START Provided entries
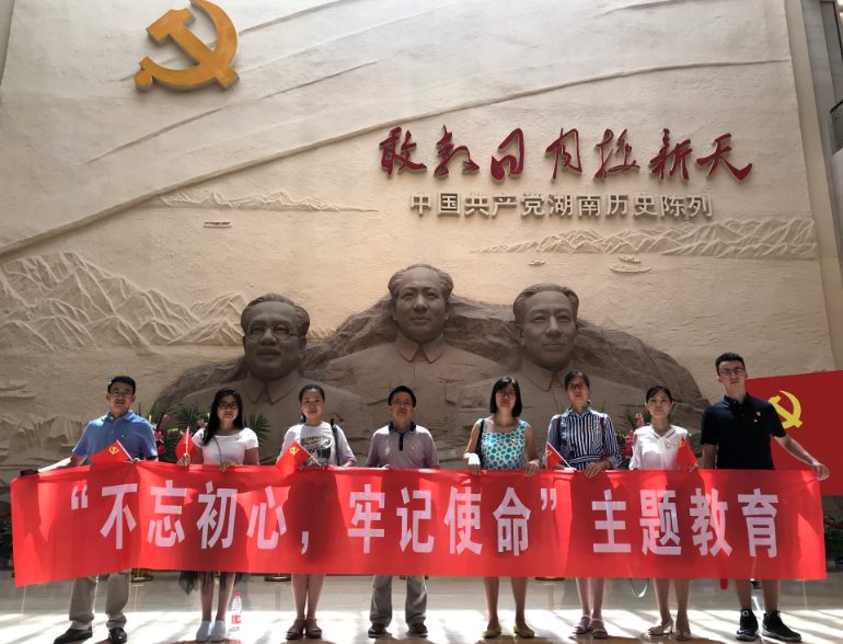 (本网讯)为纪念中国共产党成立97周年,持续开展“两学一做”学习教育,6月29日上午,数学与统计学院组织全体党员来到湖南党史陈列馆,开展“不忘初心,牢记使命”主题党日活动,重温党的历史,缅怀革命先烈,接受党性教育。该院院长吴建国、副院长范国兵、党总支副书记杨艳、教科办主任赖小红、行政党支部书记易好及教师党支部成员参加了此次活动。
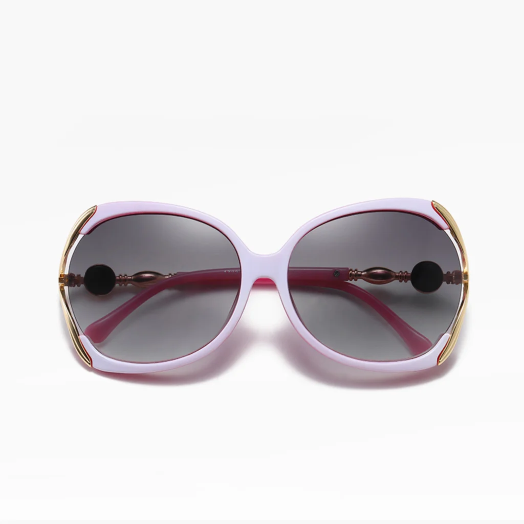 - Elegáns és egyedi design: A nagyméretű, enyhén pillangó formájú keret klasszikus és modern stílust kölcsönöz viselőjének, kiemelve az arc vonásait. A keret élénk rózsaszín árnyalata, a szürke árnyalt lencsékkel és az arany színű ötvözet díszítőelemekkel a szárakon nőies és luxus érzetet sugároz.
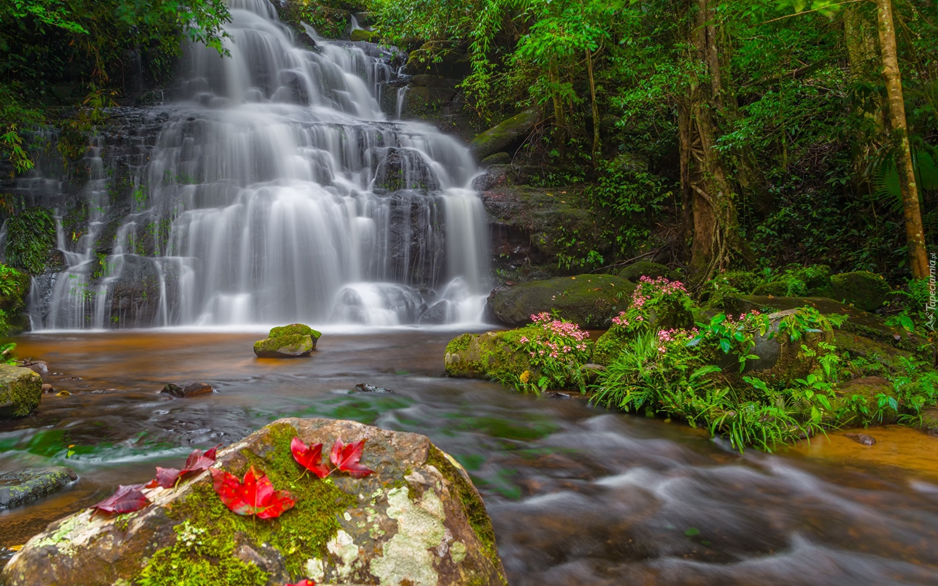 Edytor tapety: Zielone drzewa obok wodospadu na skale
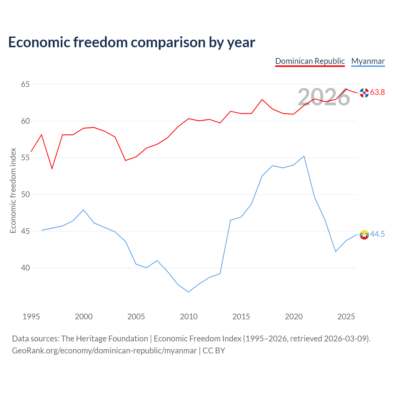 The Economic Freedom Index for the Dominican Republic is 63.8, ranking 77/197, compared to 44.5 for Myanmar, ranking 180/197. The chart above displays a comparison of annual changes in economic freedom indexes.
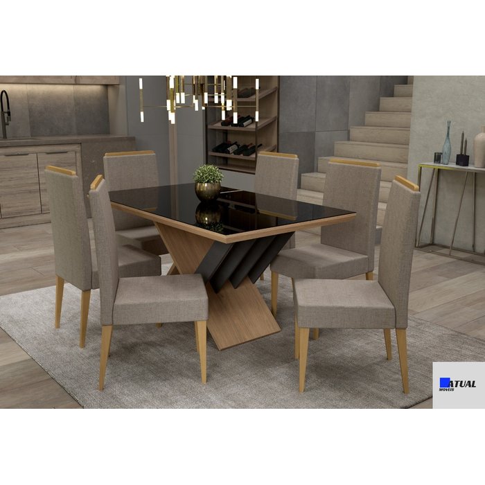 Conjunto Sala de Jantar Base Madri + Tampo Louro c/Preto 1,53 X 0,90 + 6 Cadeiras Vitoria Mel TEC001 (Tampo de Vidro Preto) Madetal
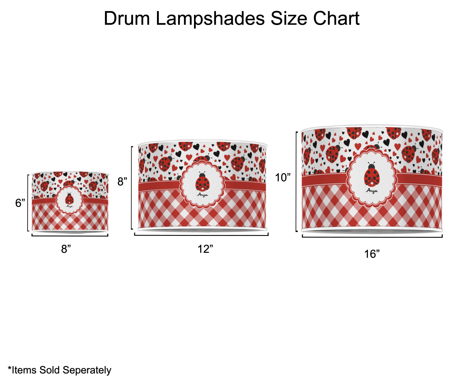 Our customized lamp shades also come in 3 different sizes: 8", 12" and 16", measuring at 8" in diameter by 6" tall, 12" in diameter by 8" tall, and 16" in diameter by 10" tall, respectively.
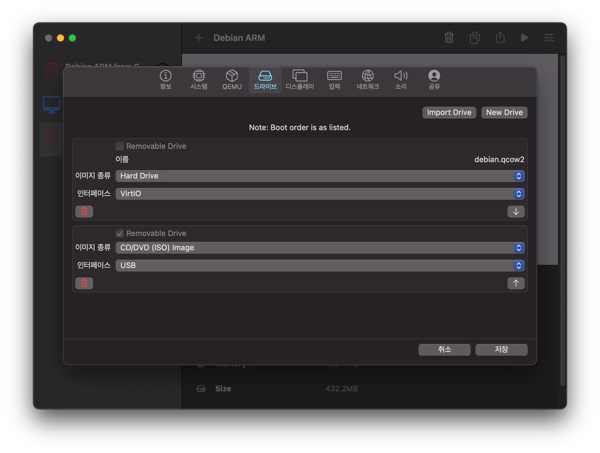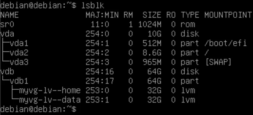 참고로, VirtIO 로 디스크를 등록할 경우, 해당 drive는 /dev/vdX (X는 a부터 순서대로 붙인 특정 알파벳입니다.) 로 연결됩니다.
END Provided entries
(Problem):
Beginning with the line above that contains "Edytor tapety: Zielone" and ending with the line that contains "Conjunto Sala de", quote each line exactly, keeping out the pictures.

(The completed task):
 Edytor tapety: Zielone drzewa obok wodospadu na skale
 The Economic Freedom Index for the Dominican Republic is 63.8, ranking 77/197, compared to 44.5 for Myanmar, ranking 180/197. The chart above displays a comparison of annual changes in economic freedom indexes.
 Conjunto Sala de Jantar Base Madri + Tampo Louro c/Preto 1,53 X 0,90 + 6 Cadeiras Vitoria Mel TEC001 (Tampo de Vidro Preto) Madetal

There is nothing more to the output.